It is a truth universally acknowledged that a writer whose latest post is scheduled to publish on Labor Day must, when considering topics, find herself muttering, “Well, shouldn’t I write something about work?”
And so, because there are many, many things to say about the work of writing, I put together a long list of short thoughts on the topic.
- Writing is the easiest work you’ll ever do, more joy than labor, a flurry of words pouring from your fingers onto the page so beautifully and smoothly you’re more witness than worker. Some days.
- On other days, it’s so hard and slow and yes, laborious, that you feel you must be doing it wrong because if it’s this hard how could anyone possibly force themselves to do it?

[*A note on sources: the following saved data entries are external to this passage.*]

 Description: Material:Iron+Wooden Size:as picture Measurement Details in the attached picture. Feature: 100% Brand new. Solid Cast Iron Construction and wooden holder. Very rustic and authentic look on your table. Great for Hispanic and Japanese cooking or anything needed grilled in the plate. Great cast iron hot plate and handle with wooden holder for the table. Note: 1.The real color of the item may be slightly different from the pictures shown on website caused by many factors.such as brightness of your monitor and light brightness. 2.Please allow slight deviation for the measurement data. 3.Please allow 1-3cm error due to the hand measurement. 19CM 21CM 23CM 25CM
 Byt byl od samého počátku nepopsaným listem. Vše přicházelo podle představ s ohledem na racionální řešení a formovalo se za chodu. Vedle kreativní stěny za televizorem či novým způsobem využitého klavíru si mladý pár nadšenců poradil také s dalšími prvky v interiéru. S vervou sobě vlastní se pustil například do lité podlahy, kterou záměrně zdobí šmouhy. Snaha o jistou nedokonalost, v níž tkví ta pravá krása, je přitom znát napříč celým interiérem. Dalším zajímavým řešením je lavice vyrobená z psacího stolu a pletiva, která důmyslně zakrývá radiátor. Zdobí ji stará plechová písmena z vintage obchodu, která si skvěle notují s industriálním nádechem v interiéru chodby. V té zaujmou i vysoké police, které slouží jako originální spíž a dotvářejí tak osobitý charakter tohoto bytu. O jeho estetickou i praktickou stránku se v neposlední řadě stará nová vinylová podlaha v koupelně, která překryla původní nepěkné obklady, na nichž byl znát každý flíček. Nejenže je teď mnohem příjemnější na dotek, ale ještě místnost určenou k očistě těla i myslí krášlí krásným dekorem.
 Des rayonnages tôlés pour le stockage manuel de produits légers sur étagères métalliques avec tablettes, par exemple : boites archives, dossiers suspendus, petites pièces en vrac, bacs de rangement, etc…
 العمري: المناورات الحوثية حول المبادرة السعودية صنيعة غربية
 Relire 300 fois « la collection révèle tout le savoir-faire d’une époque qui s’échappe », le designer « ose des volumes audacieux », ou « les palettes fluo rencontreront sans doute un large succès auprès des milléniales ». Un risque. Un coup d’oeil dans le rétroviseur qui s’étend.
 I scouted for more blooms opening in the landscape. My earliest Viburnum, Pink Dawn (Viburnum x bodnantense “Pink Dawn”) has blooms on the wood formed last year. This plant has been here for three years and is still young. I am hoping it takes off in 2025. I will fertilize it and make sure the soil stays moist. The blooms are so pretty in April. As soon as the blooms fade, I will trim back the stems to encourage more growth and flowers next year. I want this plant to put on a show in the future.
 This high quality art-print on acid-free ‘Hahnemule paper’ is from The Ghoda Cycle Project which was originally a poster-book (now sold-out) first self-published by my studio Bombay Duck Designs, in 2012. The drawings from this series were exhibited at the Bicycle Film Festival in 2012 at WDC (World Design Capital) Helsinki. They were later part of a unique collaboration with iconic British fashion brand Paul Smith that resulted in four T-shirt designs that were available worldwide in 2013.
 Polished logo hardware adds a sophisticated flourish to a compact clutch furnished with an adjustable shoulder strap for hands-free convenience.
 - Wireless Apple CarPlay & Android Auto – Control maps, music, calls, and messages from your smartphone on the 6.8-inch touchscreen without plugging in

- You will be surprised one day, many months after you’ve written something and circled back to it, when you can’t tell the words you wrote in mood #1 from the words you wrote in mood #2.
- You will want to quit.
- You will almost certainly quit at least once.
- You will start again when it has become obvious to you that quitting isn’t working out.

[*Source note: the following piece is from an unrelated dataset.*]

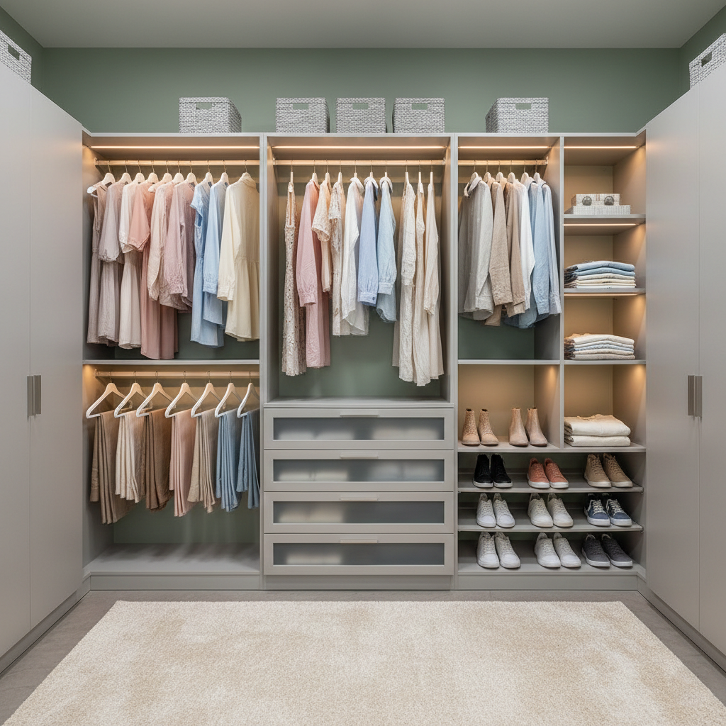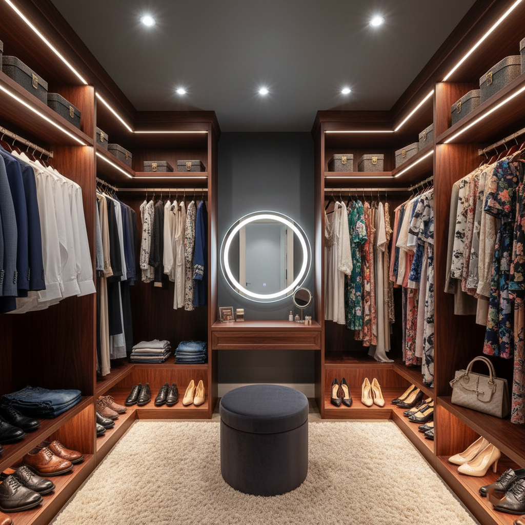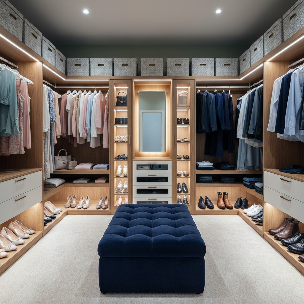 We focus on flow, lighting, and storage efficiency, creating personalized walk-in wardrobe design solutions that feel both luxurious and practical. Many walk-in designs feature custom wardrobe systems with hanging space, shelving, drawers, and shoe storage designed specifically for your collection.
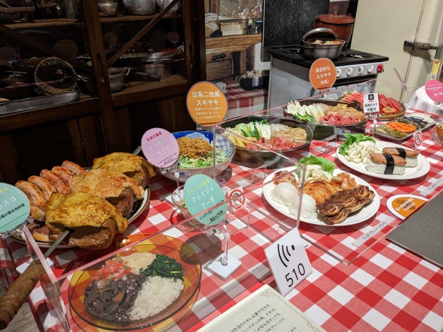 移住者の食卓には様々なメニューがずらり。ピーマンやセロリが入ったスキヤキ、スパムのおにぎりなど、海外の要素が入った日本料理がとってもユニーク。

- It’s work and it’s magic and it’s a mad alchemy.
- You’ll learn just as much from other people’s work as you do from your own.
- People who aren’t writers themselves probably will not understand what it’s like for you when the work is going poorly. They may sympathize, they may comfort you, and thank goodness for that, but still, they won’t truly understand.
- The work you do is yours in a primal and important way, but that doesn’t mean that it won’t be better if you work with other people. You owe it to yourself to try.
- No work is ever wasted. Even if you delete thousands of words from a draft, you are a different and better writer because you wrote them.
- Effort doesn’t show. Never keep a scene or a character or even a book because you say to yourself, But I worked so hard on it. (See also #3 and #11.)
- “I worked so hard on it” also doesn’t get you an agent.
- Or a publisher.
- Or readers.
- Everyone works differently. You don’t have to write every day or write what you know or stick to any other particular process that happens to work for other people. Even if it works for a lot of other people. All that matters is whether it works for you.
- Like those writers who type out novels on their iPhones with one hand while commuting to their day jobs on the subway? Awesome. That’s fantastic. But it doesn’t mean you’re any less of a writer if you don’t work the way they do.
- And don’t judge other writers for how they work. It should go without saying, but alas, sometimes it has to be said.
- You don’t have to be producing words to be working. Thinking, observing, planning, all these are important parts of the writing process. It’s not all about word count.